### EXERCISE INPUTS

•••

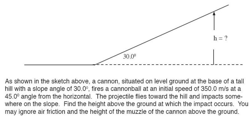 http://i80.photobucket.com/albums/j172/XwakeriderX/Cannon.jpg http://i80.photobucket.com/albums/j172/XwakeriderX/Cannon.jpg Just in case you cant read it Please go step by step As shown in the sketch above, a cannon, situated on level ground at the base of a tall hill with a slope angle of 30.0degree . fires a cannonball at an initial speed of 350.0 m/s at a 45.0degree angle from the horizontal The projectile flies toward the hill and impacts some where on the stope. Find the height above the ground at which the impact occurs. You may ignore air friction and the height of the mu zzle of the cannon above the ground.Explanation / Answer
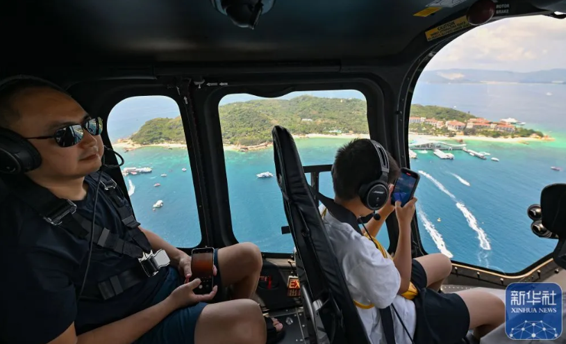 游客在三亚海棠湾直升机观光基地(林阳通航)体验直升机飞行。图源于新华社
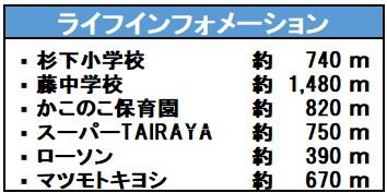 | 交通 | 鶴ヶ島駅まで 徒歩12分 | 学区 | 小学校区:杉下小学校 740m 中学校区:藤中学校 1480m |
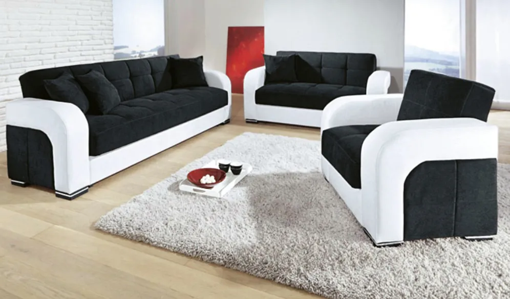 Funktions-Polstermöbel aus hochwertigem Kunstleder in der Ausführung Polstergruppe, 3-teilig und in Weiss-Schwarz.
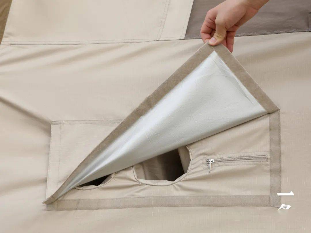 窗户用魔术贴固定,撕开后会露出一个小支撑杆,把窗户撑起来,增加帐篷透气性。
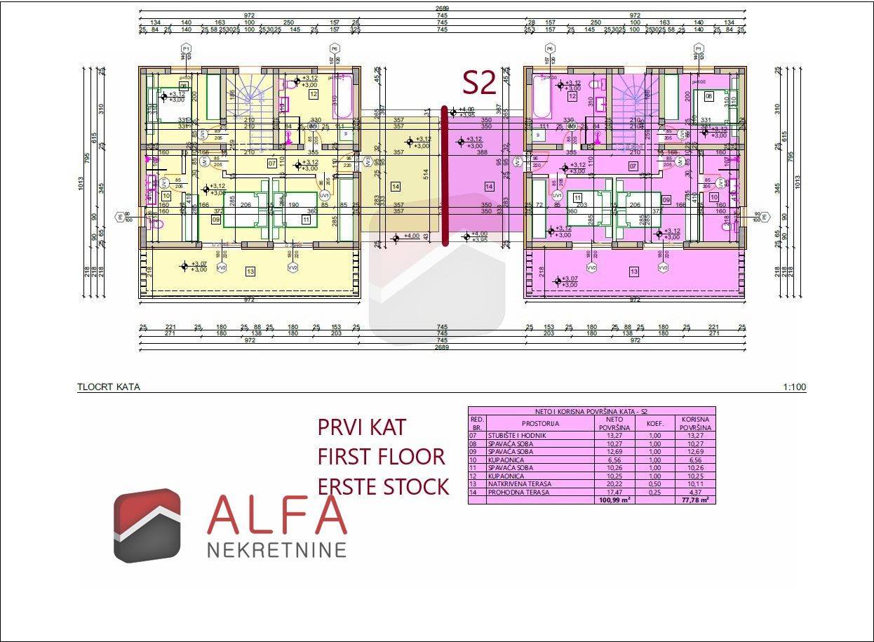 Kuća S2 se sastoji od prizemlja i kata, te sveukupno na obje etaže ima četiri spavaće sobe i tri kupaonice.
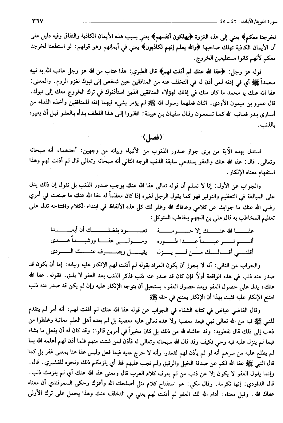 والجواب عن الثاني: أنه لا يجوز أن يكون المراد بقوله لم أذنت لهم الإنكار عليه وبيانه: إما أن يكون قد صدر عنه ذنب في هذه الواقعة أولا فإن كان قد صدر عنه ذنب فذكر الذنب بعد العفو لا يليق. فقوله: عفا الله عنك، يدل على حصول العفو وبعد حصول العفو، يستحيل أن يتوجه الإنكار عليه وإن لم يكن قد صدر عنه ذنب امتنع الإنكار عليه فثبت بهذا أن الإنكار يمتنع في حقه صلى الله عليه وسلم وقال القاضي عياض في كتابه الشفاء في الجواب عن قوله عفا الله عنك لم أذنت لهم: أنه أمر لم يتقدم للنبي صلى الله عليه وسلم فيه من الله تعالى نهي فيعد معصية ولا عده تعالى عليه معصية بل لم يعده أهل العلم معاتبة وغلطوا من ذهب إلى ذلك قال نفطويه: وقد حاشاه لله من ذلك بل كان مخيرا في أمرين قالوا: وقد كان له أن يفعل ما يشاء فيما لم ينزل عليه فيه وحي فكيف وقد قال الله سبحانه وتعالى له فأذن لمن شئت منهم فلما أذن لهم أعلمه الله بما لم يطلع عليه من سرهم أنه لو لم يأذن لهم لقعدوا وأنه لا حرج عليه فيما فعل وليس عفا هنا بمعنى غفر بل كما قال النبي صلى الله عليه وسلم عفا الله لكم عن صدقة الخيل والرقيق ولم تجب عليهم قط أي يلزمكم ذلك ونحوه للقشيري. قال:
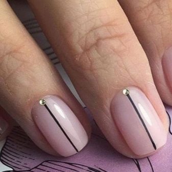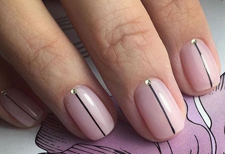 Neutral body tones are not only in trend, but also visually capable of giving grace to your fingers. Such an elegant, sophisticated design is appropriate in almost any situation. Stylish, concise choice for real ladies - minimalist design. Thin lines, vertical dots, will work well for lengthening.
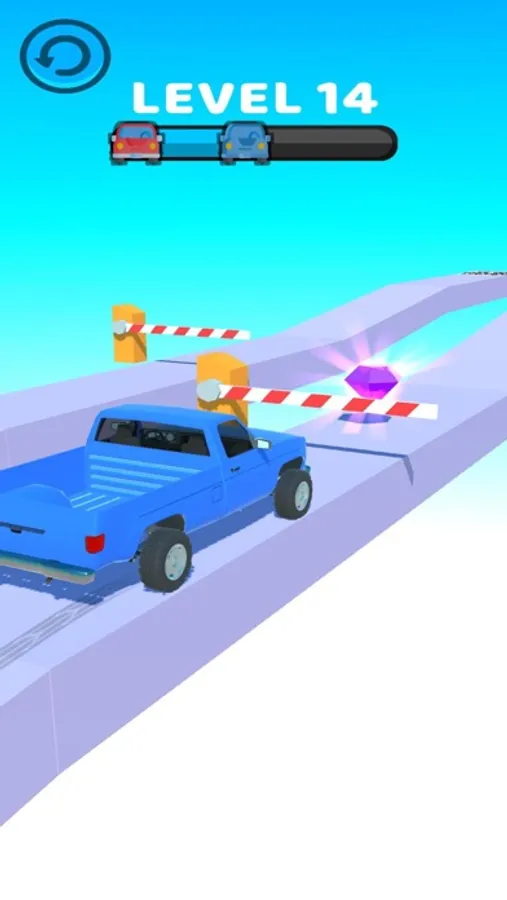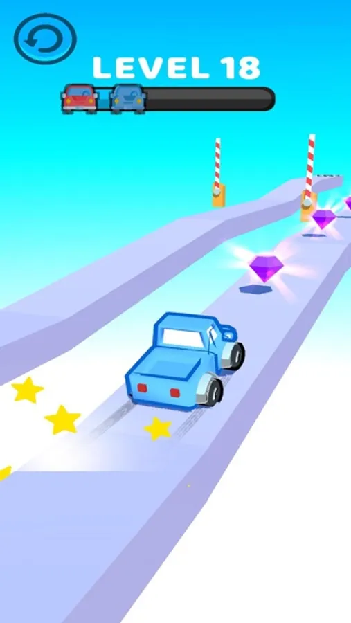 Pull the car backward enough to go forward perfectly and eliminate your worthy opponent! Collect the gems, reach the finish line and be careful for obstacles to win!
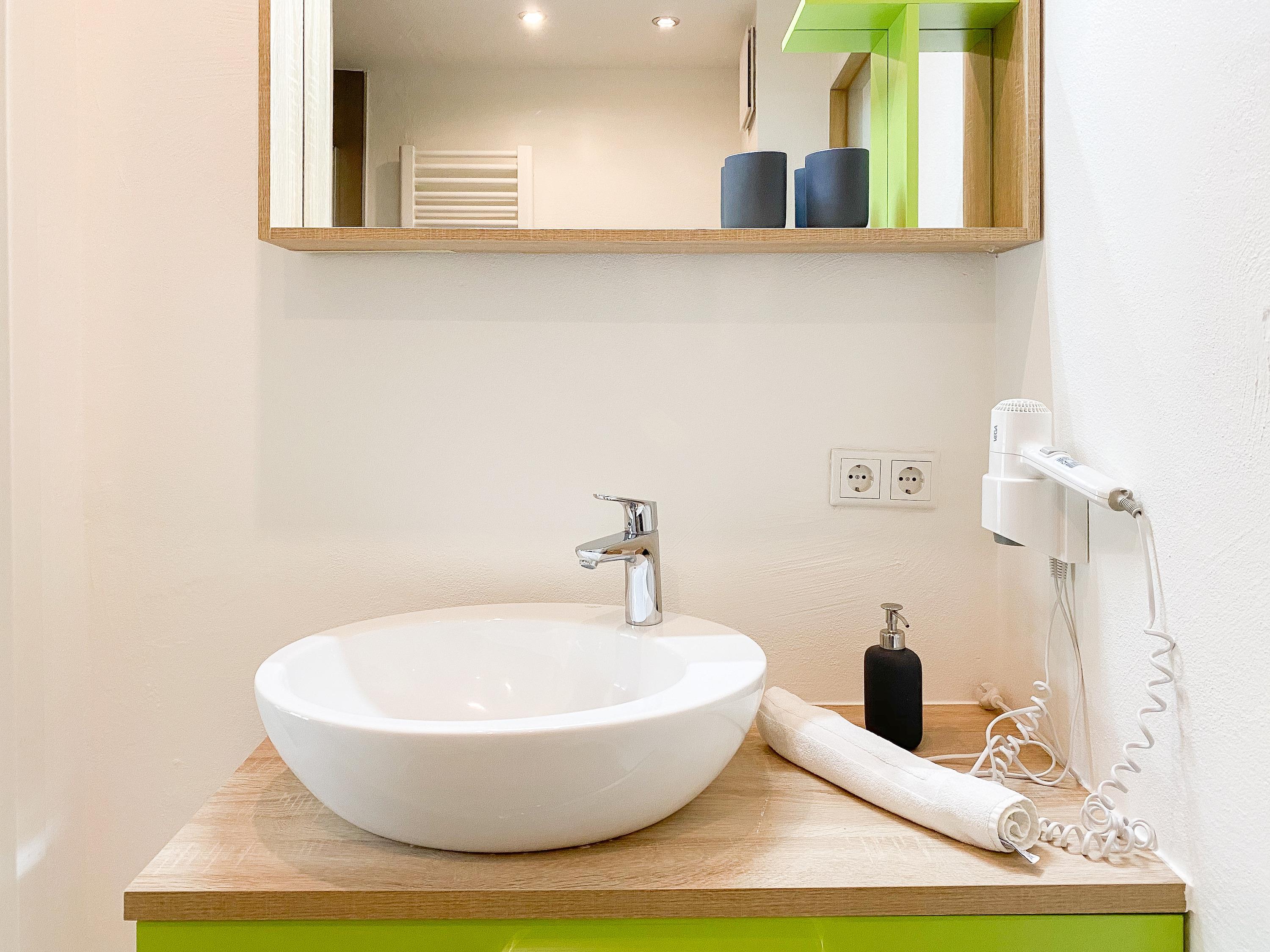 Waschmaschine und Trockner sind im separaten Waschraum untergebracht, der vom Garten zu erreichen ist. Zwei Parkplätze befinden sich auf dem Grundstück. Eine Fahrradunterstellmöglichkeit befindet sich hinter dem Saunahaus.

•••

Repeat the listing above exactly from its first line to the line containing "游客在三亚海棠湾直升机观光基地(林阳通航)体验直升机飞行。图源于新华社", both included, and omit the pictures.

### ANSWER TO THE PROBLEM
 http://i80.photobucket.com/albums/j172/XwakeriderX/Cannon.jpg http://i80.photobucket.com/albums/j172/XwakeriderX/Cannon.jpg Just in case you cant read it Please go step by step As shown in the sketch above, a cannon, situated on level ground at the base of a tall hill with a slope angle of 30.0degree . fires a cannonball at an initial speed of 350.0 m/s at a 45.0degree angle from the horizontal The projectile flies toward the hill and impacts some where on the stope. Find the height above the ground at which the impact occurs. You may ignore air friction and the height of the mu zzle of the cannon above the ground.Explanation / Answer
 游客在三亚海棠湾直升机观光基地(林阳通航)体验直升机飞行。图源于新华社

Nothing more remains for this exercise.